The back-end is made of two components (Fig. 1).

(1) Statistical computation. The statistical computation back-end relies on the statistical programming language R. To provide functionality for importing, processing and serving data, we built the snR package for R. It also facilitates access to Ensembl Biomart through the biomaRt package [12] and handles the PCA calculation for the overview plot. Running the PCA calculation on a vast number of experiments is demanding and needs to be carried out as fast as possible to allow for an interactive workflow where users do not have to wait for minutes or hours to get the results. One major optimization we incorporate is saving the public experiments already in a matrix format that can be piped into the PCA algorithm. Only the private experiments have to converted on runtime, saving a couple of seconds. For further optimization, we keep the public experiment PCA input matrix in memory all the time removing the need of loading it every time when calculating a PCA, which, depending on the number of public experiments that are attached to s·nr, can take up minutes. This, however, increases the footprint of the snR package in the system memory several gigabytes. In order to reduce the computation time of PCAs for large matrices from hours to seconds we employ a randomized single value decomposition algorithm provided by the RSVD package [13]. To avoid redownloading the required variables from the Biomart database, we cache them on disk as R dataset.

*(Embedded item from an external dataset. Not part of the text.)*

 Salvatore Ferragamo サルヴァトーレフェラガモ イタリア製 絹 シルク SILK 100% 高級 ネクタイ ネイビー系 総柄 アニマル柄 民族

A second package, snR-GO, handles GO term analyses, which also relies on the cached data retrieved from the biomaRt package.

OpenCPU [14] exposes R methods using a RESTful API for method calls generating files including the JSON format which is easily readable by JavaScript. Unrestricted access to the RESTful API provided by OpenCPU would allow users to read all the data located on the system, yielding security issues when building a multi-user system. To solve this problem, we employ a second server described in the following paragraph.

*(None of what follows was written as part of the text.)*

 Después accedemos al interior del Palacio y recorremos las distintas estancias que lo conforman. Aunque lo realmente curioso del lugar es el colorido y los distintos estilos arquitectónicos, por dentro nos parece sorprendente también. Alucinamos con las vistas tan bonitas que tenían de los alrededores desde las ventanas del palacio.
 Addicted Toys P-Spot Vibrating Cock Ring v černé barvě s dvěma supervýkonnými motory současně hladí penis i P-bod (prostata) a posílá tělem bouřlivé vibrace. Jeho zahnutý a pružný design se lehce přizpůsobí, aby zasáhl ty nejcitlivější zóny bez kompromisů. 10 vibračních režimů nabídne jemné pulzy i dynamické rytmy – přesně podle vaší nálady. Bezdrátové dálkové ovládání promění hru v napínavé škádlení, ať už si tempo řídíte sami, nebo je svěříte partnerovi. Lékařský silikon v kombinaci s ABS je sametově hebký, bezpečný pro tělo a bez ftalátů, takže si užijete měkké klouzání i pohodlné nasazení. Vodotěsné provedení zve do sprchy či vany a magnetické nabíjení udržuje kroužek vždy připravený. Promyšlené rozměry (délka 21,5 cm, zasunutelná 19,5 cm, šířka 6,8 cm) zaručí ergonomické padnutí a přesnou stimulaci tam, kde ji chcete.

(2) Web-server and gatekeeper. A custom-built Node.js server solves two tasks: (1) provide a web-server for the s·nr web-app and (2) act as authenticator and gate keeper between the front-end and the R back-end. A major disadvantage when serving web-apps is that the app is accessible to everybody connected to the network where it is hosted. If the web-server is available to the world-wide-web, everybody can access the data through s·nr. Therefore we implemented a user authentication system based on user tokens. The Node.js server stores user names, the files the user has access to as well as the bcrypt hashes [15] of the user’s password. On successful login, the user’s machine is provided with a token that has to be sent with every request on the server to check if it matches to the correct user. Users can access their own private experiments as well as all public repositories. A typical request looks as follows: A request for calculating a PCA is made from the client to the Node.js server through a POST together with the user’s token, which is then verified and if valid, the server will call the R command on the OpenCPU server. On completing the calculation, the Node.js server will retrieve the result as JSON file and pass it back to the client triggering the rendering of the PCA scatter plot.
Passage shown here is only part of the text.